Research Paper Volume 14, Issue 11 pp 4739—4754
A novel immune-related microRNA signature for prognosis of thymoma
- 1 Department of Cell Biology and Genetics, Chongqing Medical University, Chongqing 400016, China
- 2 Department of Oncology, Daping Hospital, Army Medical University, Chongqing 400042, China
- 3 Department of Pathology, Daping Hospital, Army Medical University, Chongqing 400042, China
- 4 Department of Pathology, Chongqing General Hospital, University of Chinese Academy of Sciences, Chongqing 410309, China
- 5 Department of Thoracic Surgery, The Third Medical Center of PLA General Hospital, Chongqing 100039, China
Received: March 6, 2022 Accepted: May 10, 2022 Published: June 7, 2022https://doi.org/10.18632/aging.204108
How to Cite
Copyright: © 2022 Wang et al.
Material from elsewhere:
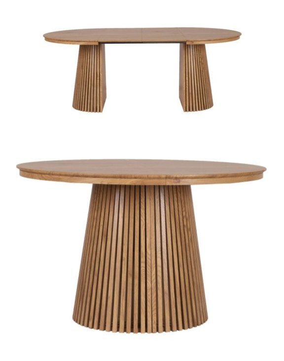 Stół rozkładany, okrągły Fjord z lamelami marki Avida Design to wyjątkowy mebel w stylu skandynawskim, loftowym oraz boho.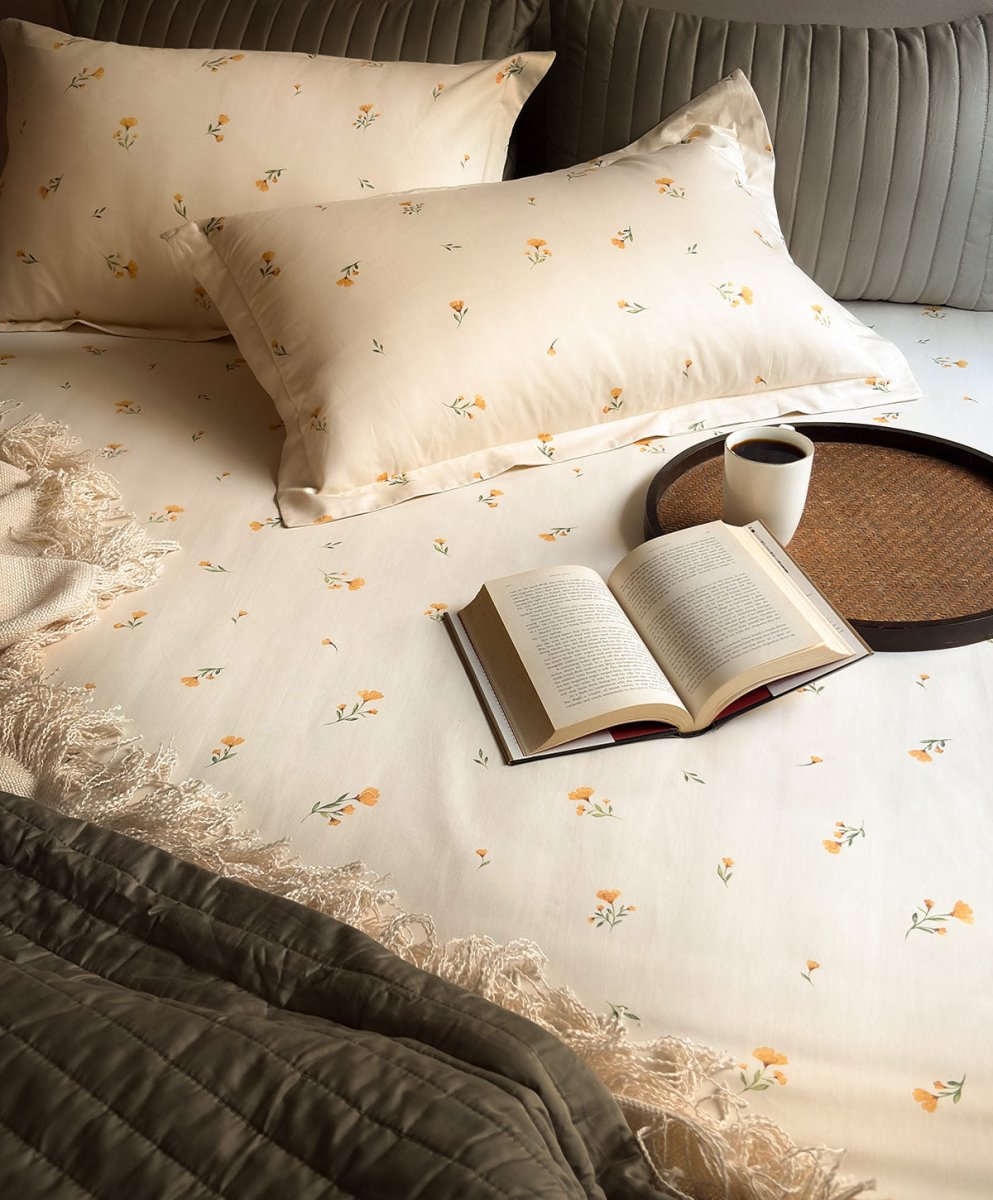 Savour the beauty of slow mornings with a freshly brewed coffee, an engrossing book and this designer pure cotton, 500 TC sateen bed sheet!

This is an open access article distributed under the terms of the Creative Commons Attribution License (CC BY 3.0), which permits unrestricted use, distribution, and reproduction in any medium, provided the original author and source are credited.
Introduction: Immune microenvironment and microRNAs serve as common predictors for diagnosis and prognosis of tumors.
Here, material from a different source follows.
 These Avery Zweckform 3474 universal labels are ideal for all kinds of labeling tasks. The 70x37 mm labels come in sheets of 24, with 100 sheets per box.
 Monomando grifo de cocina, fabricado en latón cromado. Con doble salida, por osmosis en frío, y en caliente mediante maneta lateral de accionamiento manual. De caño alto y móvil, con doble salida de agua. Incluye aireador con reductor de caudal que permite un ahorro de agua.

Methods: Expression of 122 genes and 126 microRNAs in thymoma was obtained from TCGA database. The proportion of tumor-infiltrating cells was calculated, and IMRS was constructed. TREM2hi score was calculated before functional enrichment analysis on gene sets.
Results: IMRS3, TREM2hi score, and CD8+ T lymphocyte abundance were significantly different among WHO classifications. WHO classification, Masaoka staging, and miR-130b-5p, miR-1307-3p, miR-425-5p, CD8, CD68, and CCL18 expression were prognostic factors for relapse-free survival and overall survival. IMRS3 upregulation polarized macrophages into M2, which rejected CD8+ T and other effector lymphocytes to promote thymoma malignant progression.
Conclusions: BRRS may present a novel immune-related microRNA signature for TET prognosis.
TETs: Thymic epithelial tumors; WHO: World Health Organization; qRT-PCR: Quantitative RT-PCR; CRS: combined risk scores.